Dataset entries:
####
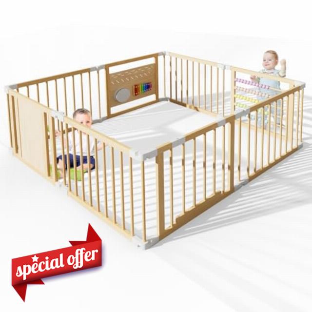 - 【8-Piece Playpen】Produced from pine wood, the children's playpen is the guardian angel for your children or grandchildren. To seamlessly integrate into your living space, it is configurable and adjustable according to your wishes. This way, you always have your little one in sight.
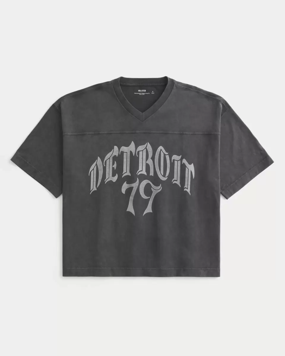 Denna supermjuka fotbollströjan är gjord av supermjuk, tung 100 % bomull. Med grafik från Detroit, v-ringning, korta ärmar. Baggy Crop Fit.
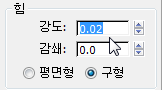 - 역시 힘 그룹에서 강도 값을 0.02로 변경합니다.
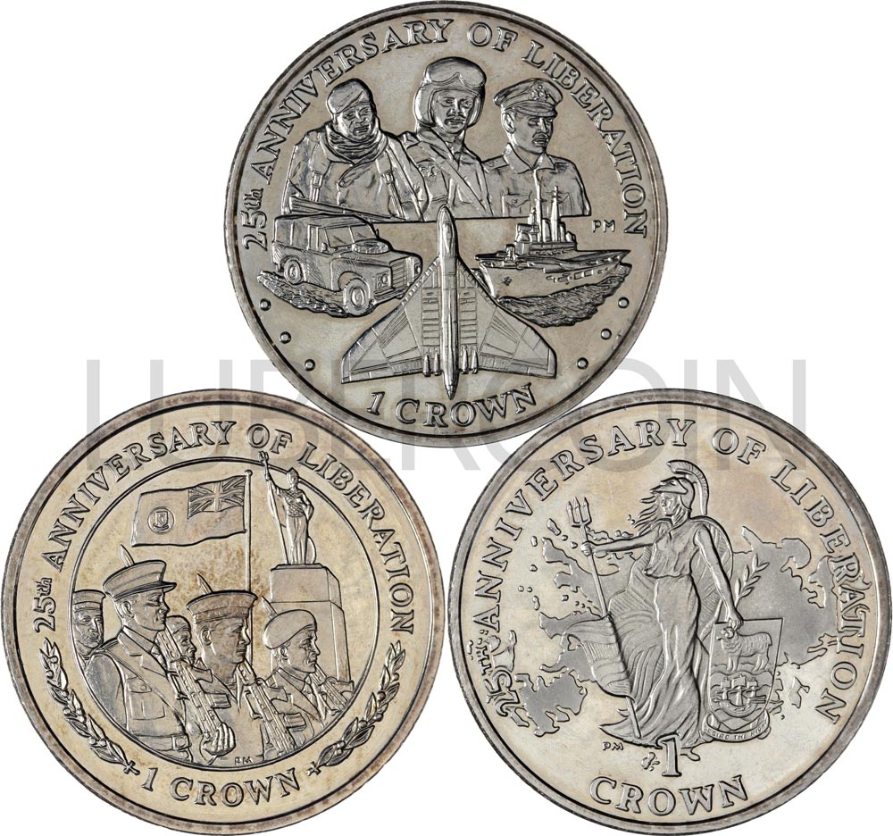 Фолклендские острова 1 крона 2007 Освобождение от Аргентины. 25 лет со дня события (3 монеты)
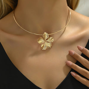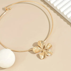 Stylish and Beautiful Metal Collar with Golden Flower Necklace
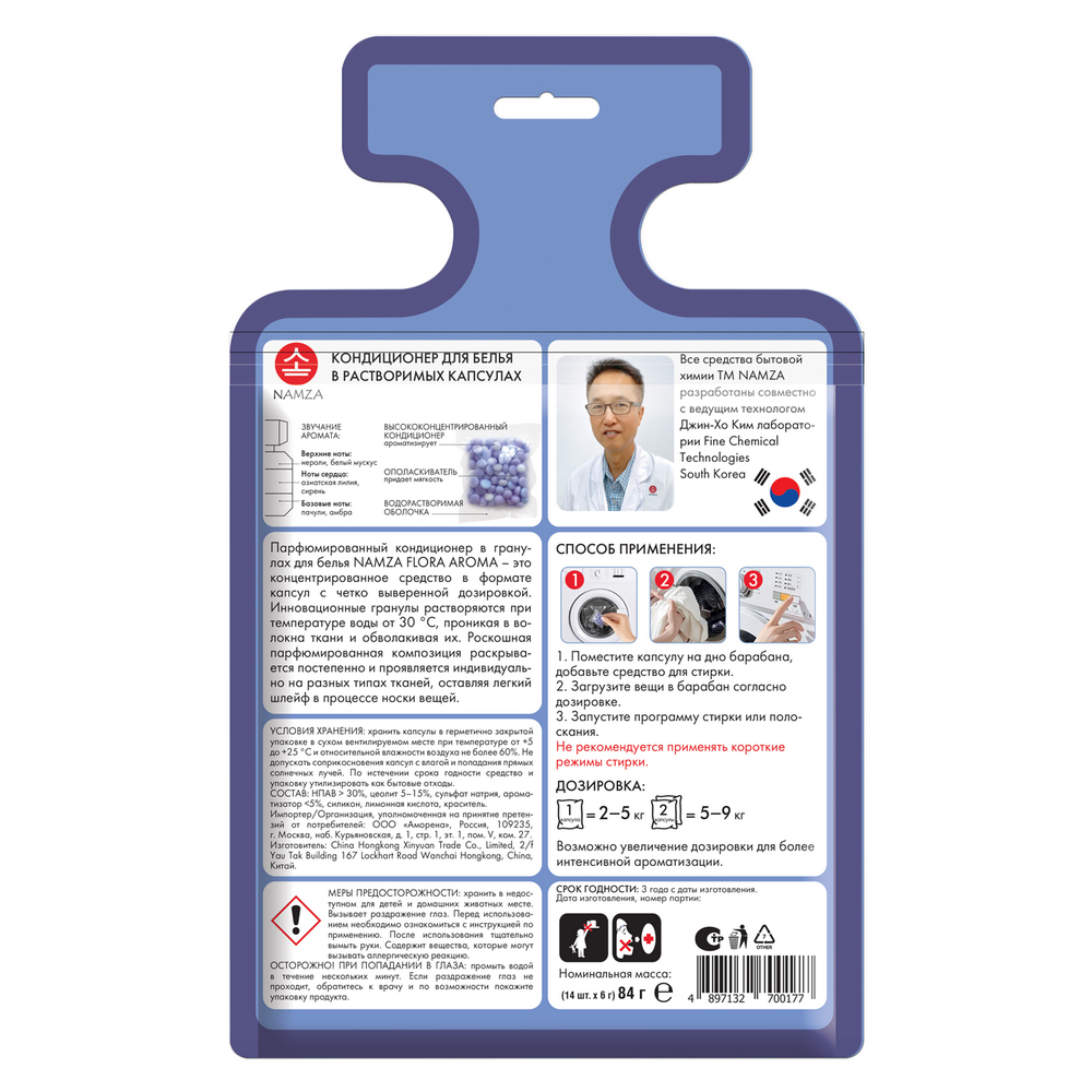 Парфюмированный кондиционер в гранулах для белья NAMZA FLORA AROMA – это концентрированное средство в формате капсул с четко выверенной дозировкой.
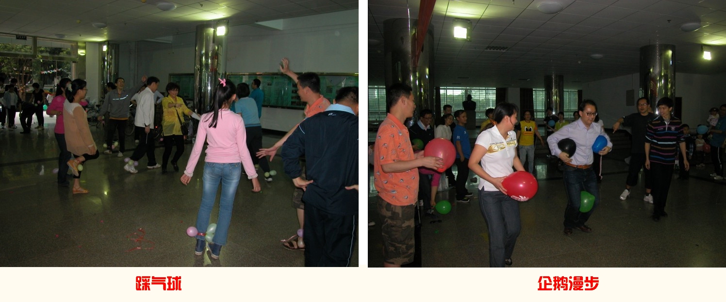 真正使运动会达到了高潮的项目是团体比赛,三女两男的组合,以系为单位,拉拉队的欢呼声一浪高过一浪。踩气球和企鹅漫步都与气球有关,最后市场营销系获得了踩气球冠军;行政代表队获得了企鹅漫步冠军。虽然团体赛由于裁判不足、规则不够完备,竞赛场面略显一点杂乱,但无论谁胜谁负,大家都共同收获了欢笑、收获了友谊、收获了放松的心情。
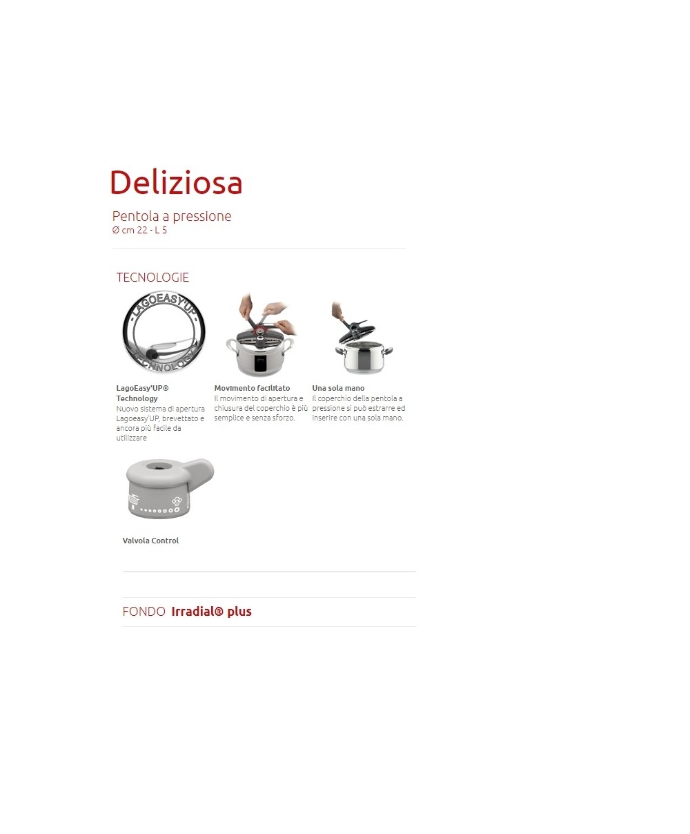 "La Pentola a pressione Deliziosa Lagoeasy’Up rappresenta oggi un’innovazione senza precedenti grazie all’esclusiva LagoEasy’Up® Technology, il nuovo sistema di apertura brevettato, facile da aprire con una sola mano ed in un solo movimento. La pentola a pressione è uno strumento versatile perché consente la cottura a vapore, ad immersione e a rosolatura; è salutare, perché cucinando in pentola a pressione si preservano fino al 35% di vitamine e di sali minerali in più; è veloce, perchè riduce i tempi di cottura fino al 50%. E' inoltre dotata di ben 6 sistemi di sicurezza e della valvola Control: basta ruotarla accompagnando la levetta per controllare direttamente la fuoriuscita verticale del vapore Il fondo a 3 strati IRRADIAL® PLUS è adatto a tutti i piani di cottura, induzione inclusa, per una perfetta diffusione del calore.
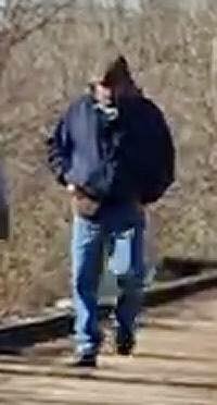 The picture of man on the trestle - looks to me like man wearing ballcap and in blue jeans, a brown shirt with shirttails out and a hoodie under blue lightweight windbreaker. The way the jacket is laying on him it almost appears there is something beneath the jacket in the front. Something that is bulky and causing it to lay funny on him or maybe large items in his pockets causing it to lay like that across his stomach area. Not sure what I think of whatever the thing poking out of the top of the windbreaker is.
####
WHAT IS BEING ASKED: Leave out every picture, and write out exactly the lines from the one with "diffusione del calore." through the end of the records above, both ends included.

THE ANSWER:
 "La Pentola a pressione Deliziosa Lagoeasy’Up rappresenta oggi un’innovazione senza precedenti grazie all’esclusiva LagoEasy’Up® Technology, il nuovo sistema di apertura brevettato, facile da aprire con una sola mano ed in un solo movimento. La pentola a pressione è uno strumento versatile perché consente la cottura a vapore, ad immersione e a rosolatura; è salutare, perché cucinando in pentola a pressione si preservano fino al 35% di vitamine e di sali minerali in più; è veloce, perchè riduce i tempi di cottura fino al 50%. E' inoltre dotata di ben 6 sistemi di sicurezza e della valvola Control: basta ruotarla accompagnando la levetta per controllare direttamente la fuoriuscita verticale del vapore Il fondo a 3 strati IRRADIAL® PLUS è adatto a tutti i piani di cottura, induzione inclusa, per una perfetta diffusione del calore.
 The picture of man on the trestle - looks to me like man wearing ballcap and in blue jeans, a brown shirt with shirttails out and a hoodie under blue lightweight windbreaker. The way the jacket is laying on him it almost appears there is something beneath the jacket in the front. Something that is bulky and causing it to lay funny on him or maybe large items in his pockets causing it to lay like that across his stomach area. Not sure what I think of whatever the thing poking out of the top of the windbreaker is.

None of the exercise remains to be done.